TASK STATEMENT: Given the entries below, would you transcribe exactly the lines starting at the one with "25/36 Grid Useful" and ending at the one with "習近平指出,今年是中國向阿爾", both kept, pictures omitted, nothing extra?

PROVIDED ENTRIES:

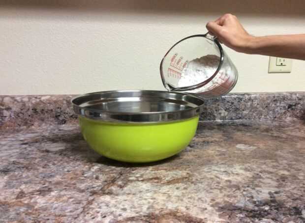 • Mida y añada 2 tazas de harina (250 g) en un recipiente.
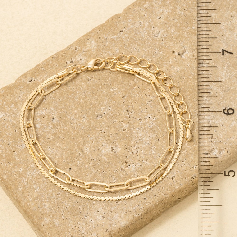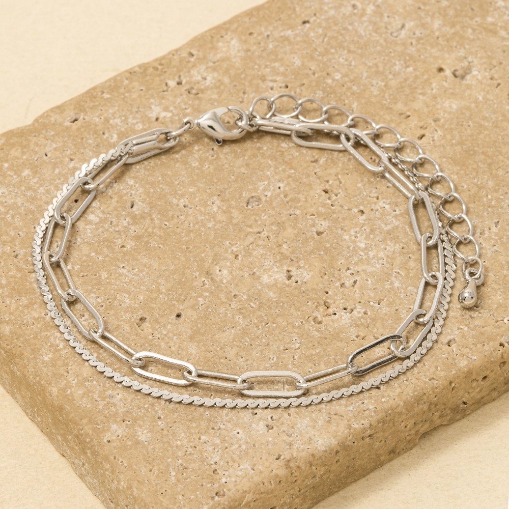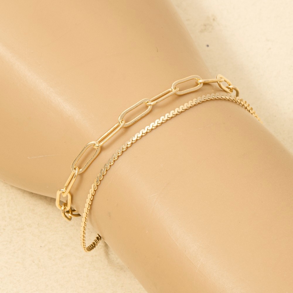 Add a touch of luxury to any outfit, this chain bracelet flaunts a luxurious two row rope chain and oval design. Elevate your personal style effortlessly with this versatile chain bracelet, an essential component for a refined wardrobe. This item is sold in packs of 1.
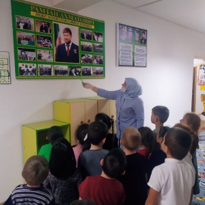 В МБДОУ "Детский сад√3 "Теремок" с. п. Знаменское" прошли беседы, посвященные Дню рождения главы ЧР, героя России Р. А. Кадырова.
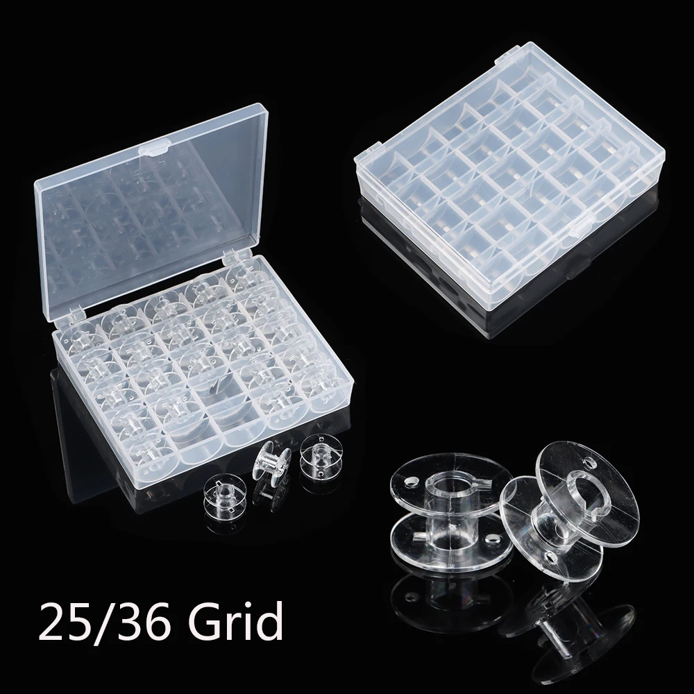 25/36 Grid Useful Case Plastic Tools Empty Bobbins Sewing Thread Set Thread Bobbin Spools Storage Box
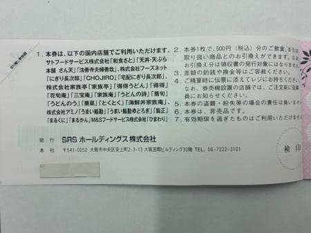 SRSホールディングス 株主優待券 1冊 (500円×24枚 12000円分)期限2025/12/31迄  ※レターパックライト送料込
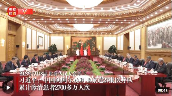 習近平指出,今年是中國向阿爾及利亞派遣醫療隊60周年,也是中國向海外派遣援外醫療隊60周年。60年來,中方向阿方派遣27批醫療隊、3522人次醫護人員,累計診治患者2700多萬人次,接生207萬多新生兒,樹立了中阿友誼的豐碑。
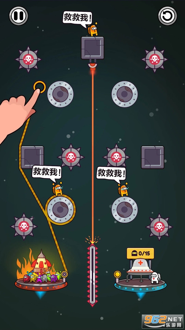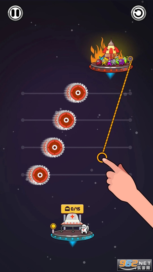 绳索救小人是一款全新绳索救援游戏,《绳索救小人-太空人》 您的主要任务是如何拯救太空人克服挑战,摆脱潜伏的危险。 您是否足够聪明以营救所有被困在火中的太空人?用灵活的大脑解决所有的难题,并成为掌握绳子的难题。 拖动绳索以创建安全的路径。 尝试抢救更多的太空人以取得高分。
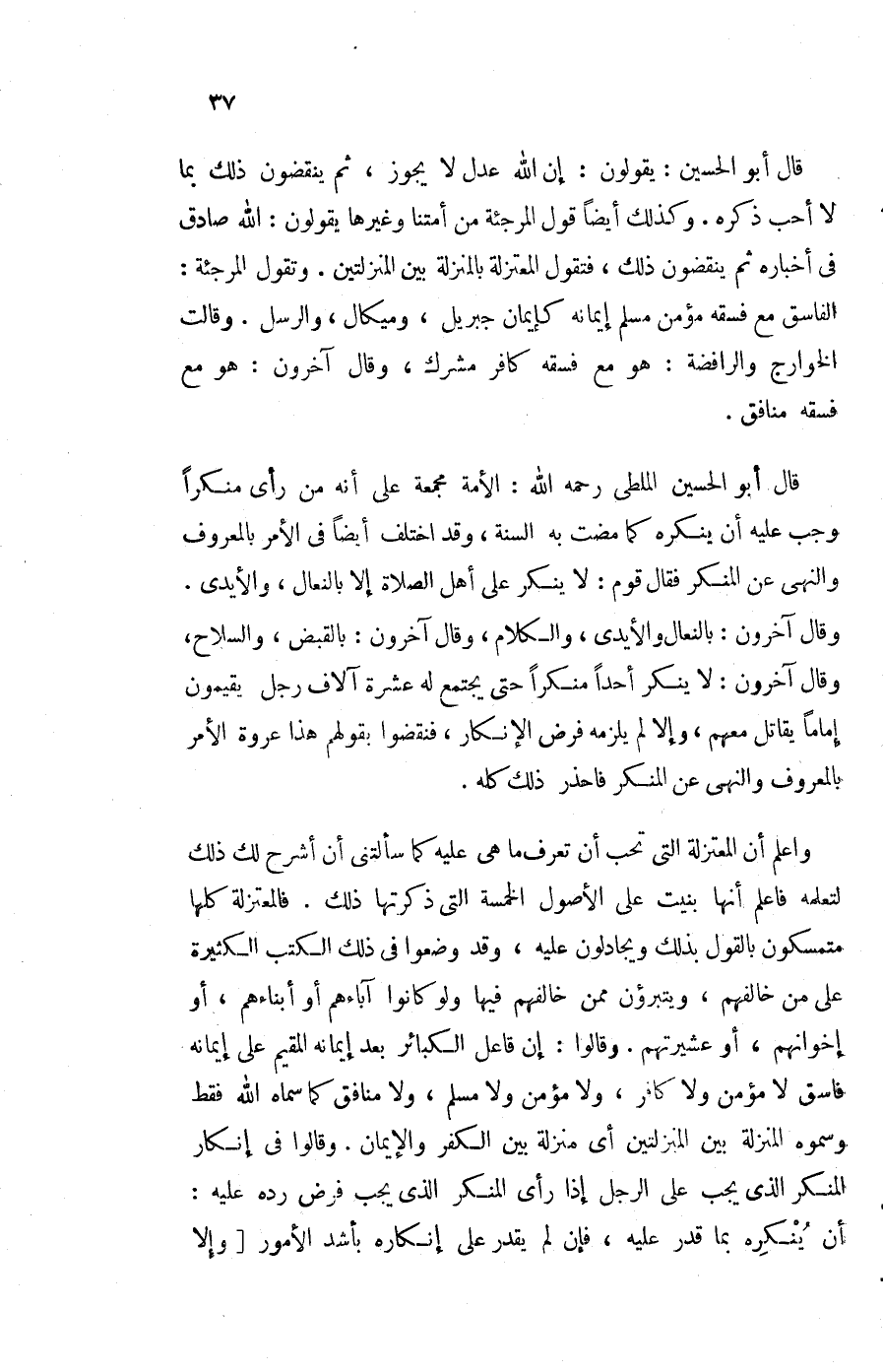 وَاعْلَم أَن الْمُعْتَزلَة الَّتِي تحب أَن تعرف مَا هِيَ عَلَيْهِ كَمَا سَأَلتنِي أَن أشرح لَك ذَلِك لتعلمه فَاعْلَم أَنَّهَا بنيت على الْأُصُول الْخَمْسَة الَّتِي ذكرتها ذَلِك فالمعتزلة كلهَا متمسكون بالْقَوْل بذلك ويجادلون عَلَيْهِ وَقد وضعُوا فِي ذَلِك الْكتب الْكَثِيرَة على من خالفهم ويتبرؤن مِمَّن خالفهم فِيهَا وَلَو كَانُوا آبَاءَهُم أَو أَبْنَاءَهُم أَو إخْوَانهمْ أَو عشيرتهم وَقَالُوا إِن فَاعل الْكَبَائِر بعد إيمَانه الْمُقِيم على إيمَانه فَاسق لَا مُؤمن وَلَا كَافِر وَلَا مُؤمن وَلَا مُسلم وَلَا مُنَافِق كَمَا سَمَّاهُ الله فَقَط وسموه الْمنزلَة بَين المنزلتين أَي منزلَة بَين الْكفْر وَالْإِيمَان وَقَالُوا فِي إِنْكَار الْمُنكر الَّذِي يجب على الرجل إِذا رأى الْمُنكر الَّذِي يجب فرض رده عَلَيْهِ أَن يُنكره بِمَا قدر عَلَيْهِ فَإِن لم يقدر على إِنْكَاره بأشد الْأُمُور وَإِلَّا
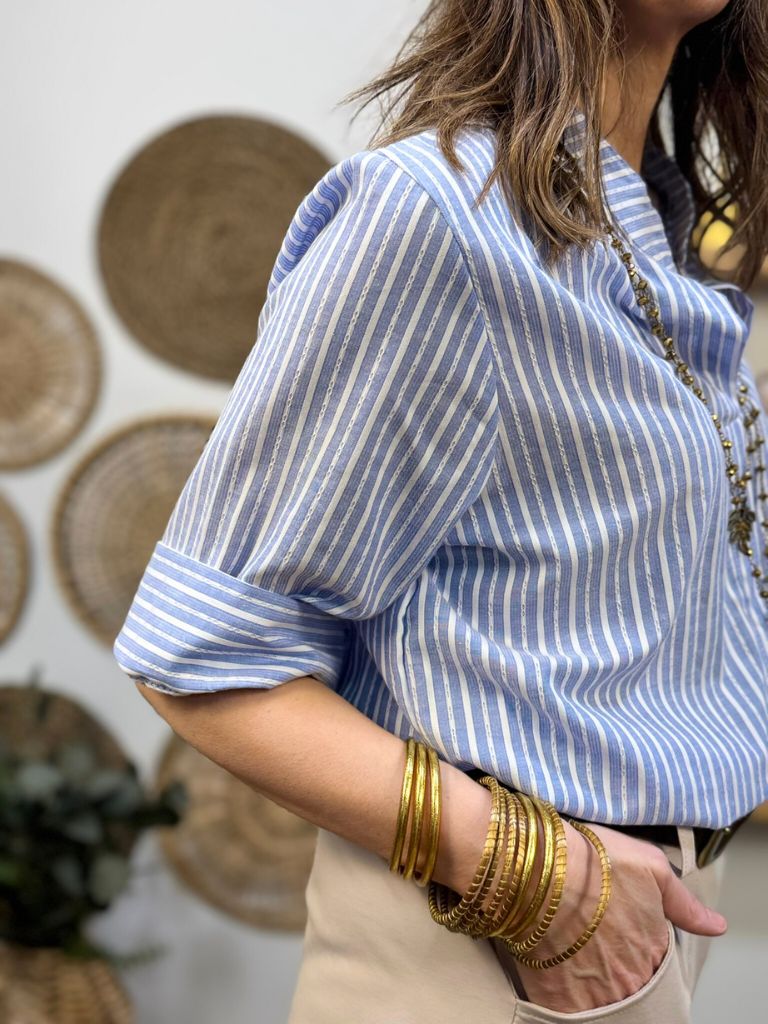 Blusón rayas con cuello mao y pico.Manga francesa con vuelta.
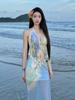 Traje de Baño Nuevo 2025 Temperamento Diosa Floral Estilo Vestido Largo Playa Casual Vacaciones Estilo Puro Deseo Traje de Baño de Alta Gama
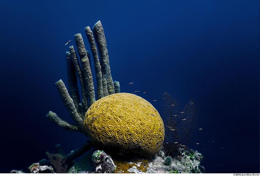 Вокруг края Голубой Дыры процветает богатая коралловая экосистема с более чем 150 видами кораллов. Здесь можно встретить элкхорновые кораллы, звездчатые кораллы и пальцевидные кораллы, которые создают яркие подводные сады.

FINISHED TASK:
 25/36 Grid Useful Case Plastic Tools Empty Bobbins Sewing Thread Set Thread Bobbin Spools Storage Box
 SRSホールディングス 株主優待券 1冊 (500円×24枚 12000円分)期限2025/12/31迄  ※レターパックライト送料込
 習近平指出,今年是中國向阿爾及利亞派遣醫療隊60周年,也是中國向海外派遣援外醫療隊60周年。60年來,中方向阿方派遣27批醫療隊、3522人次醫護人員,累計診治患者2700多萬人次,接生207萬多新生兒,樹立了中阿友誼的豐碑。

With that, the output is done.